Sur les conclusions à fin d’annulation :
4. Aux termes de l’article L. 731-1 du code de l’entrée et du séjour des étrangers et du droit d’asile : « L’autorité administrative peut assigner à résidence l’étranger qui ne peut quitter immédiatement le territoire français mais dont l’éloignement demeure une perspective raisonnable, dans les cas suivants : / 1° L’étranger fait l’objet d’une décision portant obligation de quitter le territoire français, prise moins de trois ans auparavant, pour laquelle le délai de départ volontaire est expiré ou n’a pas été accordé (… ) ». L’article R. 733-1 de ce code dispose que : « L’autorité administrative qui a ordonné l’assignation à résidence de l’étranger en application des articles L. 731-1, L. 731-3, L. 731-4 ou L. 731-5 définit les modalités d’application de la mesure : / 1° Elle détermine le périmètre dans lequel il est autorisé à circuler muni des documents justifiant de son identité et de sa situation administrative et au sein duquel est fixée sa résidence ; / 2° Elle lui désigne le service auquel il doit se présenter, selon une fréquence qu’elle fixe dans la limite d’une présentation par jour, en précisant si l’obligation de présentation s’applique les dimanches et les jours fériés ou chômés ; / 3° Elle peut lui désigner une plage horaire pendant laquelle il doit demeurer dans les locaux où il réside ».
5. Si M. A… soutient que la décision 17 février 2026 l’assignant à résidence est disproportionnée dès lors qu’il réside à Lyon, d’une part, l’attestation de domicile produite ne fait état que d’une domiciliation postale au centre communal d’action sociale de la ville de Lyon, d’autre part, il ressort du procès-verbal d’audition du 17 février 2026 que M. A… a déclaré aux services de la police judiciaire à la suite de son interpellation un domicile au 21 rue Albert Poylo à Saint-Etienne. Par suite, et alors qu’une telle mesure est par nature limitative de liberté, la décision par laquelle la préfète de la Loire a assigné à résidence M. A… dans le département de la Loire pour une durée de 45 jours et le contraint à se présenter les lundis, mercredis et vendredis à 10h au commissariat de police de Saint-Etienne n’est pas disproportionnée.

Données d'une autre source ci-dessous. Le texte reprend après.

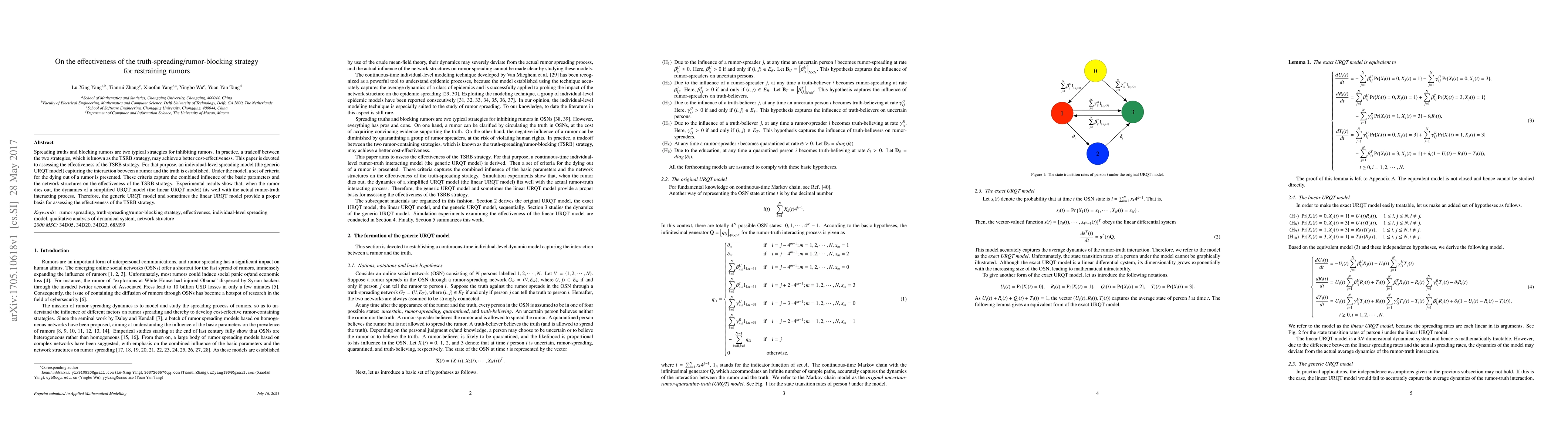 Spreading truths and blocking rumors are two typical strategies for inhibiting rumors. In practice, a tradeoff between the two strategies, which is known as the TSRB strategy, may achieve a better cost-effectiveness. This paper is devoted to assessing the effectiveness of the TSRB strategy. For that purpose, an individual-level spreading model (the generic URQT model) capturing the interaction between a rumor and the truth is established. Under the model, a set of criteria for the dying out of a rumor is presented. These criteria capture the combined influence of the basic parameters and the network structures on the effectiveness of the TSRB strategy. Experimental results show that, when the rumor dies out, the dynamics of a simplified URQT model (the linear URQT model) fits well with the actual rumor-truth interacting process. Therefore, the generic URQT model and sometimes the linear URQT model provide a proper basis for assessing the effectiveness of the TSRB strategy.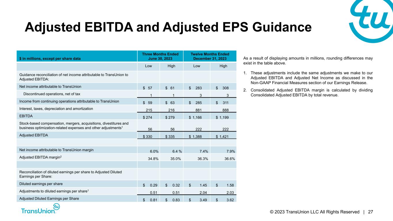 © 2023 TransUnion LLC All Rights Reserved | 26 Leverage Ratio $ in millions Trailing Twelve Months Ended March 31, 2023 Reconciliation of net income attributable to TransUnion to Adjusted EBITDA: Net income attributable to TransUnion $ 273.8 Discontinued operations, net of tax (17.7) Income from continuing operations attributable to TransUnion1 $ 256.1 Net interest expense 242.7 Provision for income taxes 114.1 Depreciation and amortization 519.9 EBITDA $ 1,132.8 Adjustments to EBITDA: Stock-based compensation1 82.7 Mergers and acquisitions, divestitures and business optimization2 45.0 Accelerated technology investment3 59.1 Net other4 15.0 Total adjustments to EBITDA $ 201.8 Leverage Ratio Adjusted EBITDA $ 1,334.6 Total debt $ 5,569.6 Less: Cash and cash equivalents 439.0 Net Debt $ 5,130.6 Ratio of Net Debt to Net income attributable to TransUnion 18.7 Leverage Ratio 3.8 As a result of displaying amounts in millions, rounding differences may exist in the table above. 1. Consisted of stock-based compensation, including amounts which are cash settled. 2. Mergers and acquisitions, divestitures and business optimization consisted of the following adjustments: $30.1 million of Neustar integration costs; $16.3 million of acquisition expenses; $4.6 loss on the impairment of a cost method investment; a $2.5 million adjustment to a liability from a recent acquisition; a $(0.4) million adjustment to the fair value of a put option liability related to a minority investment; a $(0.8) million gain on the settlement of a Cost Method Investment; $(3.4) million gain related to a government tax reimbursement from a recent business acquisition; and $(3.9) million of reimbursements for transition services related to divested businesses, net of separation expense. 3. Represents expenses associated with our accelerated technology investment to migrate to the cloud. 4. Net other consisted of the following adjustments: $3.9 million of deferred loan fees written off as a result of the prepayments on our debt; a $11.1 million net loss from currency remeasurement of our foreign operations, loan fees and other.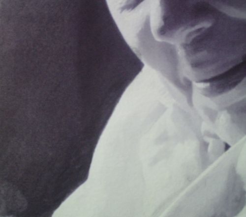 6. I work down the face blending as I go with tissue. Note the broad areas of tone. Really I'm applying tones across each plane of the face. I add highlights to the lower lip with white chalk.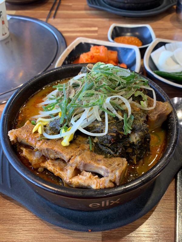 이 음식은 감자탕으로 보입니다. 감자탕은 주로 돼지 등뼈, 감자, 우거지, 콩나물 등을 넣어 끓인 한국 전통 음식입니다. 다음은 감자탕의 일반적인 영양 성분과 건강에 미치는 영향을 분석한 것입니다. ### 영양 성분 (1인분 기준, 약 500g) - **칼로리**: 약 500-600 kcal - **단백질**: 30-40g - **지방**: 20-30g - **탄수화물**: 30-40g - **나트륨**: 1000mg 이상 (조리 방법에 따라 다름) ### 건강에 미치는 영향 - **단백질 공급**: 돼지 등뼈와 고기는 양질의 단백질을 제공합니다. 근육 형성과 유지에 도움이 됩니다. - **비타민과 미네랄**: 다양한 채소가 들어가 있어 비타민과 미네랄 섭취에 좋습니다. - **나트륨 주의**: 국물 요리 특성상 나트륨 함량이 높을 수 있으니 주의가 필요합니다. ### 건강한 식단 팁 1. **채소 추가**: 더 많은 채소를 추가하여 영양 균형을 맞추세요. 2. **국물 섭취 조절**: 나트륨 섭취를 줄이기 위해 국물 섭취를 조절하세요. 3. **밥과 함께**: 밥과 함께 먹으면 포만감을 높이고 균형 잡힌 식사를 할 수 있습니다. 4. **저염 간장 사용**: 조리 시 저염 간장을 사용하여 나트륨 섭취를 줄이세요. 이러한 방법으로 감자탕을 보다 건강하게 즐길 수 있습니다.

6. Il résulte de ce qui précède que la requête de M. A… doit être rejetée.
D E C I D E :
Article 1er : M. A… est admis au bénéfice de l’aide juridictionnelle provisoire.
Article 2 : La requête de M. A… est rejetée.
Article 3 : Le présent jugement sera notifié à M. B… A… et à la préfète de la Loire.
Rendu public par mise à disposition au greffe le 16 mars 2026.
La magistrate désignée,
A. Lacroix
La greffière,
L. Bon-Mardion
La République mande et ordonne à la préfète de la Loire en ce qui la concerne ou à tous commissaires de justice à ce requis en ce qui concerne les voies de droit commun contre les parties privées, de pourvoir à l’exécution de la présente décision.